Python Crypto Trading Bots — Deep Dive
Production bot architecture
A toy bot polls prices in a loop. A production bot is an event-driven system with separated concerns:
WebSocket Feed ──→ Market Data Store ──→ Signal Generator
↓ ↓
Feature Engine Order Manager
↓
Risk Engine
↓
Exchange Connector (REST/WS)
↓
Execution Reporter
↓
Logging / Monitoring / Alerts
Each component communicates through async queues or an internal event bus. This isolation means a bug in the feature engine doesn’t crash the order manager.
Real-time data with WebSockets
REST polling introduces latency and wastes API rate limits. WebSocket feeds provide instant updates:
import asyncio
import ccxt.pro as ccxtpro
class MarketDataFeed:
def __init__(self, exchange_id, symbols):
self.exchange = getattr(ccxtpro, exchange_id)({
"apiKey": "...", "secret": "...",
})
self.symbols = symbols
self.orderbooks = {}
self.trades = {}
async def stream_orderbooks(self):
while True:
for symbol in self.symbols:
try:
ob = await self.exchange.watch_order_book(symbol)

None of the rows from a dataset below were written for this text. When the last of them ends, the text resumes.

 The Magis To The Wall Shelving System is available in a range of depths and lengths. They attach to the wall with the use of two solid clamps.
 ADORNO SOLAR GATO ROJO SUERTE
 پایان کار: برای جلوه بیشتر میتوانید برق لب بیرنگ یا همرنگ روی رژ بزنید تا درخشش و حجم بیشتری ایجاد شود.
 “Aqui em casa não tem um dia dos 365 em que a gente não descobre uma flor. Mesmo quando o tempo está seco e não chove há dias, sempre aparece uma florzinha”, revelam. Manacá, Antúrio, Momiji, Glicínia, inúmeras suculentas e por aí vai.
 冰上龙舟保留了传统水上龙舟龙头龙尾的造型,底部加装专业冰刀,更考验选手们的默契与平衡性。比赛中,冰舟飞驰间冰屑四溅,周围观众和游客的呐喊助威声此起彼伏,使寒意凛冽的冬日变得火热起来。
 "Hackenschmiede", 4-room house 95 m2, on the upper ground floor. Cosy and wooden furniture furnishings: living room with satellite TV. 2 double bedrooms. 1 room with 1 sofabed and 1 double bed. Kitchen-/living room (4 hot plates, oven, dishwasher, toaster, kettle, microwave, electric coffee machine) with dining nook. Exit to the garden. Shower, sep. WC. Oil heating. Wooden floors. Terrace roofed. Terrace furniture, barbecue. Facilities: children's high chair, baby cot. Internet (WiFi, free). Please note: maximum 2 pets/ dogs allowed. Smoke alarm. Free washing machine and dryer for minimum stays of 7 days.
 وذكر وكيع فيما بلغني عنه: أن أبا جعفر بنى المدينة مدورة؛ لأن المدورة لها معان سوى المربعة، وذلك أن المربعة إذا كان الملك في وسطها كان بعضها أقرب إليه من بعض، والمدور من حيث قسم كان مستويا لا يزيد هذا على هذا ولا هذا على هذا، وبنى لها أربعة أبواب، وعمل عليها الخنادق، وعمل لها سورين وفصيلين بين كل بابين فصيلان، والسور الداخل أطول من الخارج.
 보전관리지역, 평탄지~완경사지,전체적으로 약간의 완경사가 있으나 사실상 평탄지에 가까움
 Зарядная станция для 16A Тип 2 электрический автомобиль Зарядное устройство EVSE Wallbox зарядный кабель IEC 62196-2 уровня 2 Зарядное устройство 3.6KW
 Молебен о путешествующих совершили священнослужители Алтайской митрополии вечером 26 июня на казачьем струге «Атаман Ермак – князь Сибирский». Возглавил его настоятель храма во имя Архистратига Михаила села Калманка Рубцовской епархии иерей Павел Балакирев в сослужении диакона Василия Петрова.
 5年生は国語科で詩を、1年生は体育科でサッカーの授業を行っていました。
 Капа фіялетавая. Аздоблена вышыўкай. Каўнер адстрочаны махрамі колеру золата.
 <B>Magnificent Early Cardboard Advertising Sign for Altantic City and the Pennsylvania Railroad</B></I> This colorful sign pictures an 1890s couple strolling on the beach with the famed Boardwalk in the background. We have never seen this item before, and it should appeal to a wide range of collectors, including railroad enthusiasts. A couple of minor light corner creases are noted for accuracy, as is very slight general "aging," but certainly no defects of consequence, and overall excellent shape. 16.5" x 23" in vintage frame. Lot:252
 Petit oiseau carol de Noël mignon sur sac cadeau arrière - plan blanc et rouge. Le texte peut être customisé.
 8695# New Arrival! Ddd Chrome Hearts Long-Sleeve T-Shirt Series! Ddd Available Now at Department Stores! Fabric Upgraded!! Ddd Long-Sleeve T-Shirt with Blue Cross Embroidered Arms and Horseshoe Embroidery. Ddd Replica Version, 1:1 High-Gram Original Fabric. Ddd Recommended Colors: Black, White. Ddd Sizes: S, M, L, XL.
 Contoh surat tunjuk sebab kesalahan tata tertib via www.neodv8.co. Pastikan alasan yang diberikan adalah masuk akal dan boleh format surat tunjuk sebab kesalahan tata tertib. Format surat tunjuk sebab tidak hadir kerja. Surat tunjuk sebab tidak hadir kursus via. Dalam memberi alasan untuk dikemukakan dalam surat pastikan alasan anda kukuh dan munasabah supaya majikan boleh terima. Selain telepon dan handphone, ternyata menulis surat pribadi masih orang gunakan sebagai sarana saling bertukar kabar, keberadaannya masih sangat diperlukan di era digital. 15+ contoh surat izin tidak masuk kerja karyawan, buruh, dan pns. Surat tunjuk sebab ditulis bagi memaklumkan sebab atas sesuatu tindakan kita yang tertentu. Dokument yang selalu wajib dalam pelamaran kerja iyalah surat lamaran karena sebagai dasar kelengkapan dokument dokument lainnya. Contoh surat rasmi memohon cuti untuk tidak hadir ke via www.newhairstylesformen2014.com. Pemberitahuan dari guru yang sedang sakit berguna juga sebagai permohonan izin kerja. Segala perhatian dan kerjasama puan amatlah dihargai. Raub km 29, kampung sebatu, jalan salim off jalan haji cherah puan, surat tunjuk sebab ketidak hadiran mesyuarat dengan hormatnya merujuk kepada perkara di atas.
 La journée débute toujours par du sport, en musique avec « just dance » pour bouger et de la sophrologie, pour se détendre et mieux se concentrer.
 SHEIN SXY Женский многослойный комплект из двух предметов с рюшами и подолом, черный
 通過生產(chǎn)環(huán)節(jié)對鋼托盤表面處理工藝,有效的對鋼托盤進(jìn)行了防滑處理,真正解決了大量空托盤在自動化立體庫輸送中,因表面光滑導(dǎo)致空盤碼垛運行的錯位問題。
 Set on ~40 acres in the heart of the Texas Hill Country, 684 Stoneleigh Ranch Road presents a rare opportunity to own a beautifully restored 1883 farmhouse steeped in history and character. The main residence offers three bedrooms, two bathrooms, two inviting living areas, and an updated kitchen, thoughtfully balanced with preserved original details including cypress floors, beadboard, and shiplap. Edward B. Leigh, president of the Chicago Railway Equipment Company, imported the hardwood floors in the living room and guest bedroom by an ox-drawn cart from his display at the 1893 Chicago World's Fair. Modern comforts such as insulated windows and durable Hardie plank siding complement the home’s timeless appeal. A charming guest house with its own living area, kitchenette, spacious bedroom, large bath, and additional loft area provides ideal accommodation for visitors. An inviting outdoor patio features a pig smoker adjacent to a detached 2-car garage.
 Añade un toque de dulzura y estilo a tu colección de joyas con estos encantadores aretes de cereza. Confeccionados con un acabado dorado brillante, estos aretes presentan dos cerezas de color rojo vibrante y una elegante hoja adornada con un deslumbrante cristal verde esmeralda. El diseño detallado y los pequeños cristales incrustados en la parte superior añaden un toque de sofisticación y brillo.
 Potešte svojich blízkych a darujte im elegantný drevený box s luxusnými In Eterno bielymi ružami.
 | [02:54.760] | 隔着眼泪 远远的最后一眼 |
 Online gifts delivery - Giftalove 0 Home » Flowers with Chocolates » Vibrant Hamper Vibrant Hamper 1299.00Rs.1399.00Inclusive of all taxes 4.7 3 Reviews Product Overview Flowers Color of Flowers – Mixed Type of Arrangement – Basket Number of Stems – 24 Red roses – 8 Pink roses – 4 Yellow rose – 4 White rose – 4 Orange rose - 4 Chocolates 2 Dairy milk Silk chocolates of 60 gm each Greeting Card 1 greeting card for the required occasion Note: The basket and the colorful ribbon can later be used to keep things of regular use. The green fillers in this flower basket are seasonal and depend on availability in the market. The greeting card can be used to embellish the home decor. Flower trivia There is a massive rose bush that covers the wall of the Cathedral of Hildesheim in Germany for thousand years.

self.orderbooks[symbol] = {
"bids": ob["bids"][:20],
"asks": ob["asks"][:20],
"timestamp": ob["timestamp"],
}
except Exception as e:
logger.error(f"OrderBook error {symbol}: {e}")
await asyncio.sleep(1)
async def stream_trades(self):
while True:
for symbol in self.symbols:
try:
trades = await self.exchange.watch_trades(symbol)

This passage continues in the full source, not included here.